I've got the following small Groovy script that just does a count of rows in the database for a specific date.

import groovy.sql.Sql

def today= new GregorianCalendar()
def dateString = "${today.get(Calendar.MONTH)+1}/${today.get(Calendar.DAY_OF_MONTH)-1}/${today.get(Calendar.YEAR)}"

def sql = Sql.newInstance("jdbc:oracle:thin:bc/bc@nemesis:1521:billctr", "bc","bc", "oracle.jdbc.OracleDriver")

def sqlLine = "select count(id) as count from bc_payment where trunc(paymentdate) = to_date(${dateString}, \'MM/DD/YYYY\')"
println(sqlLine)
def payCount = sql.execute(sqlLine)
println payCount

to_date requires single-quotes around the date you pass in. If I leave them off, I get SQLException: Invalid column type but if I put \\' around the variable, I get a warning from Groovy

WARNING: In Groovy SQL please do not use quotes around dynamic expressions (which start with $) as this means we cannot use a JDBC PreparedStatement and so is a security hole. Groovy has worked around your mistake but the security hole is still there.

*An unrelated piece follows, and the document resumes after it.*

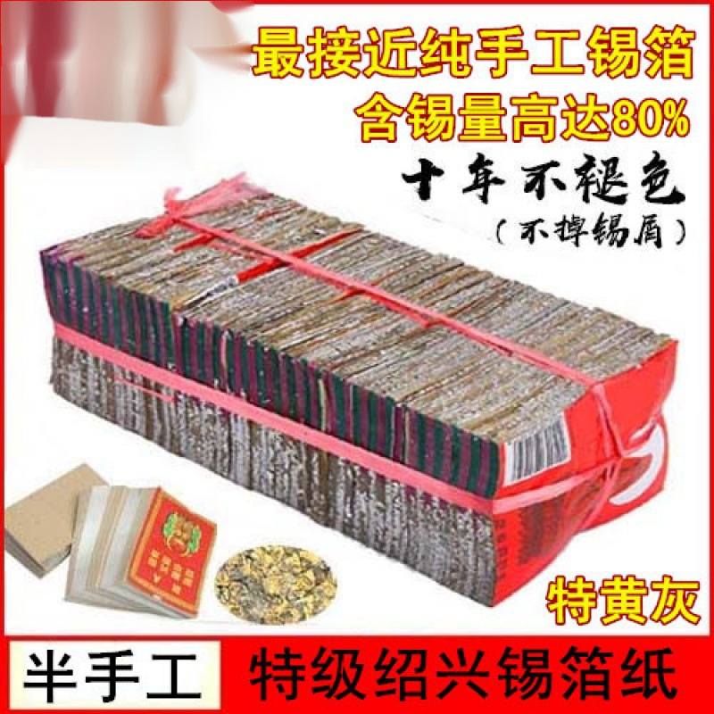 紹興本物の錫箔 1000 枚の金と銀の紙黄色とグレーの半手作り折り元宝紙幣用品送料無料 Metabo

The expression so far is: select count(id) as count from bc_payment where trunc(paymentdate) = to_date('?', 'MM/DD/YYYY')

Is there a better way of doing this without to_date or formatting the variable differently? I'm new to Groovy so any suggestions are welcome. Thanks in advance!

Answer 1

Try the following (I hope I haven't introduced a syntax error, no Groovy here...)

import groovy.sql.Sql

def today= new java.sql.Date(new java.util.Date().getTime())

def sql = Sql.newInstance("jdbc:oracle:thin:bc/bc@nemesis:1521:billctr", "bc","bc", "oracle.jdbc.OracleDriver")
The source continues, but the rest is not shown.